James Smart (1865–1928) was the youngest brother of George 'Fish' Smart and Jarman Smart. Unlike his brother Fish and uncle Turkey, he always skated under his real name; attempts to call him 'Eagle' to distinguish him from his cousin James Turkey Smart did not stick. He won the professional title of Great Britain in 1890, 1895 and 1900 and the Littleport Cup in 1892. He also won a world championship and a Dutch championship. He was sponsored allowing him to train. Having spent some time training in Norway, he set up an agency to sell Norwegian skates in Britain.

== Life and career ==
During the Championship Skating Match in January 1887, about 2,000 persons attended the championship skating match at Grantchester, near Cambridge, when eighteen competed in a three-mile race, with six turns.

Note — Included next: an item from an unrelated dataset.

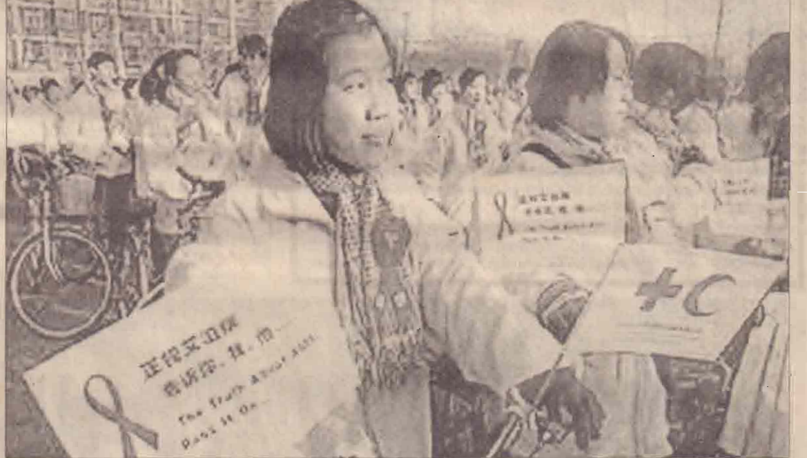
15 ஆவது உலக எய்ட்ஸ் தினம் நேற்று உலகம் முழுவதும் அனுஷ்டிக்கப்பட்டது. இத்தினத்தைவியாட்டி ஐ.நா. வெளியிட்ட அறிக்கையில் 'எய்ட்ஸ்' நோய் தொற்றுக்குள்ளானவர்களை ஒதுக்கும் பழக்கத்தை மனிக் சமுதாயம் கைவிடாத வரை எய்ட்ஸ் நோயை முற்றாக ஒழிக்க மேற்கொள்ளப்படும் முயற்சிகள் வெற்றியளிக்கப்போவதில்லை என்று குறிப்பிடப்பட்டுள்ளது.

கண்டுபிடிக்கப்பட்டது. எனினும், ஆள்புற்றுக்குறை காரணமாக போலீஸார் இதுவரை இந்த ஊழல் தொடர்பாக 39 பேரை மட்டுமே கைது செய்துள்ளனர். இத்திட்டமேல் வழிட்டுக்கணைப்பயன்படுத்தி பிரிட்டனுக்குள் நுழையவர்கள் எந்தவித சிரமமும் இன்றி பிரிட்டிஷ் குடிமக்களாகவே வாழும் வசதி இருப்பதாகக் கூறப்படுகின்றது. இது தீவிரவாதிகளுக்கு மிகவும் வாய்ப்பாக அமைந்துள்ளதாகக் கூறப்படுகின்றது. (ஒ)

The track was hard, but some large cracks made the course dangerous, and there were several falls. Smart, ten miles champion, did the fastest course—namely, 9 min. 52 2-5 sec. He was beaten in the fourth round by Fish Smart, the champion, by half a yard; but in the final heat Fish Smart broke a skate, and Carter, of Welney, won first honours.

Smart took the British professional title from his older brother George at Lingay Fen in January 1889. and dominated fen skating for the next few years. In January 1891 the NSA arranged a flying start mile for him, which he completed in 3 mins.